2 Supplementary Table
3 Supplementary Data
Supplementary data are available at:
https://github.com/sarisbro/data/tree/master/AncientHumans
Data S1. Individuals used in this study. List of individuals used in this study, showing their abbreviated name, sex, full name, culture, name of the original data set / publication, age, country of origin, and coordinates (latitude and longitude).
Data S2. Genotypes retrieved from each individual. Genotypes are shown for each of the SNPs from DisGeNET, and each individual analyzed. This table also shows the quadrant, time period, and DisGeNET code associated with each SNP.
Data S3. List of risk alleles. Risk alleles are shown for each of the SNPs from DisGeNET, as retrieved from SNPedia and SelfDecode.

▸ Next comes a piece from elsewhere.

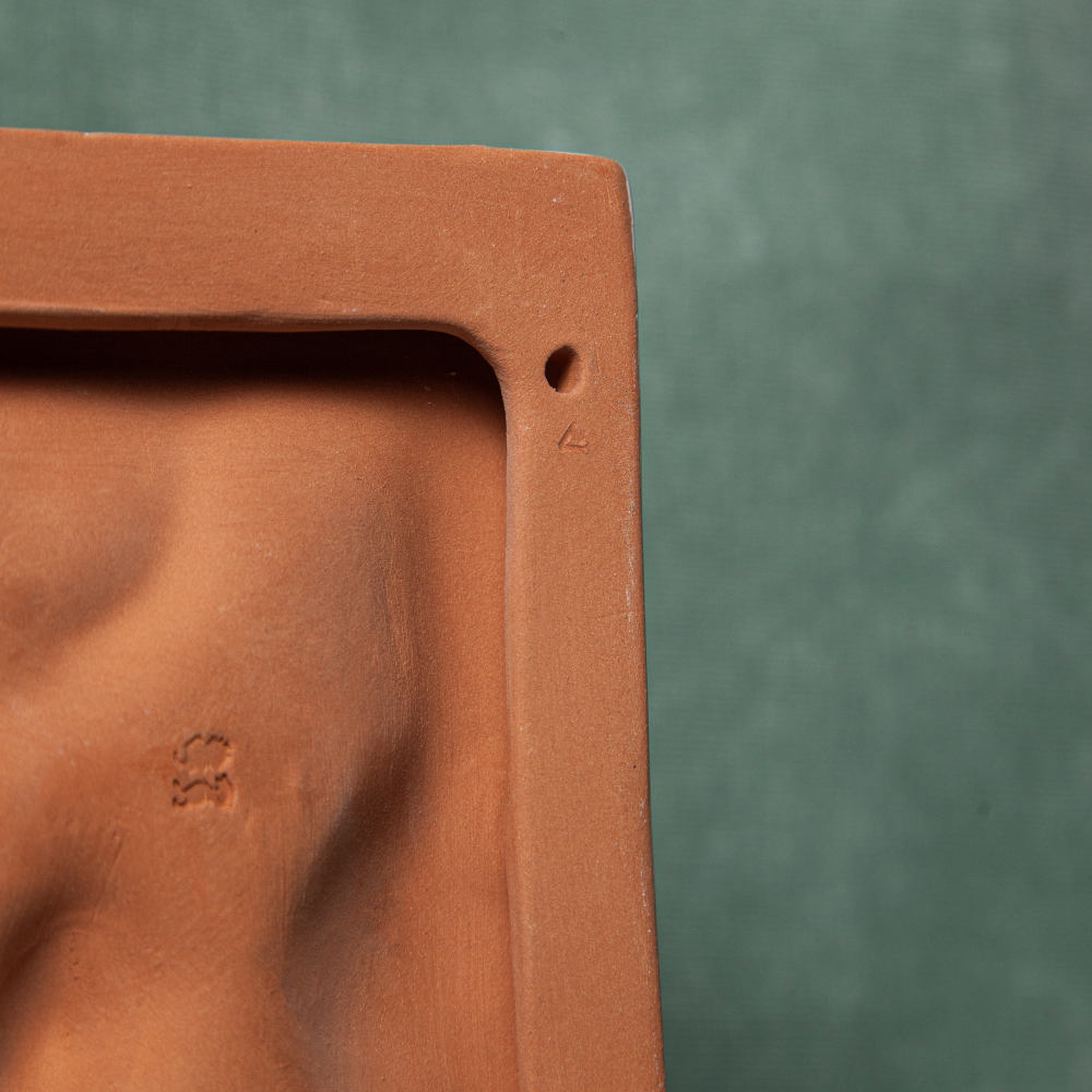 Изделие выполнено в технике майолика, материалы: красная глина, белая глазурь, высокотемпературный обжиг, художественная роспись.

Data S4. Alleles frequencies. Each subtable pertains to a particular quadrant (Q1 to Q4), and shows a list of DisGeNET SNPs, with their associated frequency in each time period, along with DisGeNET disease identifiers, full names, DisGeNET scores, number of records in PubMed, source, and CADD score.
Acknowledgements
I would like to thank first and foremost David Reich for making all the genotyping data produced in his lab freely available online. My gratitude also goes to Kelly Burkett for providing extensive comments, as well as to Joseph Lachance and Yassine Souilmi for discussions. This work was partly conducted while being at the University of Hokkaido in Hakodate, thanks to an Invitational Fellowship from the Japanese Society for the Promotion of Science, and was supported by the Natural Sciences Research Council of Canada. It would not have been possible without assistance from the Center for Advanced Computing and Compute Canada.